Holiday breaks are often a time for hobbies - you have vacation from work, you may have some down time between gatherings, so why not work on a project?

It could be tweaking the recipe you’re using for a holiday dinner. It might be building something in your shop to give as a gift to someone. One of my kids is filling their spare time crocheting a blanket, just because.

Software isn’t any different. I never really got the appeal of Advent of Code - why would I spend the time tinkering on a problem that doesn’t affect me - but there’s no reason why you wouldn’t spend some free time at the holidays working on some computing project that made your life 10% better/more fun/sillier, just like any other spare time household project.

So that’s what I did.


I am, as I have discussed before, an Old. Having moved from tapes, to CDs, to MP3s (from ripped CDs), listening to music on the computer when I started generally consisted of “point a player at the entire collection, and hit shuffle”.

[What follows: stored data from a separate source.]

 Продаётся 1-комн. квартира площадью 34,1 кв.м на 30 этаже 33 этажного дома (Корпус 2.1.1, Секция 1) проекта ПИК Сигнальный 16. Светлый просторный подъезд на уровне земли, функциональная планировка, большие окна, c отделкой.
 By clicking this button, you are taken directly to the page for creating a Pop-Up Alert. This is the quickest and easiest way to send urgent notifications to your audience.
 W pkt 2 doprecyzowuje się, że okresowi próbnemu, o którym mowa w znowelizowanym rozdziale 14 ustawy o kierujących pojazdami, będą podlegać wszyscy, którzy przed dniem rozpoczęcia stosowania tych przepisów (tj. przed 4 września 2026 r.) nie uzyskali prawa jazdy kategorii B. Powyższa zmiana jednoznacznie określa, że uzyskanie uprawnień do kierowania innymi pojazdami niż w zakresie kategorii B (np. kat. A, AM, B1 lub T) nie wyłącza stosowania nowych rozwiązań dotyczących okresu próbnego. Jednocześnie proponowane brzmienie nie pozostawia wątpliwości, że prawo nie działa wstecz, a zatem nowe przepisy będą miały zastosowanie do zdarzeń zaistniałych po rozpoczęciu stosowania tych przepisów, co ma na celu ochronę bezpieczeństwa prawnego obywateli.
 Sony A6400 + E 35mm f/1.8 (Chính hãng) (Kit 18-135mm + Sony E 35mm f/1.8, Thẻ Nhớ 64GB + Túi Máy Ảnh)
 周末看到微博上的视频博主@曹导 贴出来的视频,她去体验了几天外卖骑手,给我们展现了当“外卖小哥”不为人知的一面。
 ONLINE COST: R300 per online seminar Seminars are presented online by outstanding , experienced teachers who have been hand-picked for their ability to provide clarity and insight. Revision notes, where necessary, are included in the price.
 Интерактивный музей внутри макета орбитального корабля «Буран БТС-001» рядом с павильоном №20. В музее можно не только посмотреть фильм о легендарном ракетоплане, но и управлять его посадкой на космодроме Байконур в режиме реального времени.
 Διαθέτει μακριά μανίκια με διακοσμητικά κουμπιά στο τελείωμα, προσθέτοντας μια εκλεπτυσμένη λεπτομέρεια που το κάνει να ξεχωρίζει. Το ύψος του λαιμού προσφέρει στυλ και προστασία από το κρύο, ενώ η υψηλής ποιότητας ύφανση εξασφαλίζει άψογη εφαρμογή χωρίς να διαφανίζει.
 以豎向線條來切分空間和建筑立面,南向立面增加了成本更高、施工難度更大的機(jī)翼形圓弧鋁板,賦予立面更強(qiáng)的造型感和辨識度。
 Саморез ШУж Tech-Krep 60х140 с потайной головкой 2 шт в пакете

It is the year 2023, and I do use a streaming service. But I also just want to play stuff from my own collection. For a very long time, I would just run gst123 in shuffle mode pointed at the toplevel directory.

gst123, is rather old software. It saw only sporadic changes after 2014, and stopped development entirely in 2017, which led me to make a personal fork at one point for a couple of fixes. Earlier this year, the maintainer started maintaining it again, so I resurrected some of those old patches to send along. As I looked at updating them, I began to wonder: why am I doing this when the fixes (GTK updates) were for part of it I never used. Why not just do something that did what I wanted, and ignore the rest?


A couple of weeks of part-time & holiday poking, and I’d like to introduce… tuatara.

tuatara is a text mode music player. It is admittedly very silly in the year 2023, but it does what I want it to do, and hey, that’s what a hobby is for.

tuatara, playing some music

It plays local music. It shuffles it. It shows (an approximation of) cover art, or a visualization. It’s built on Python, GStreamer, and libcaca.

I realize I’m not the first to build a local media player for the heck of it, and I (probably) won’t be the last. But what is a hobby for if not for doing something that just does what you want?

If you’re interested, well first, I’m a little surprised. But if you are, you can find it on GitHub, including wheels and PEXes if you want to try it out.

And even if you’re not interested, I hope y’all find the time to chase your own hobbies down whatever roads they may take you.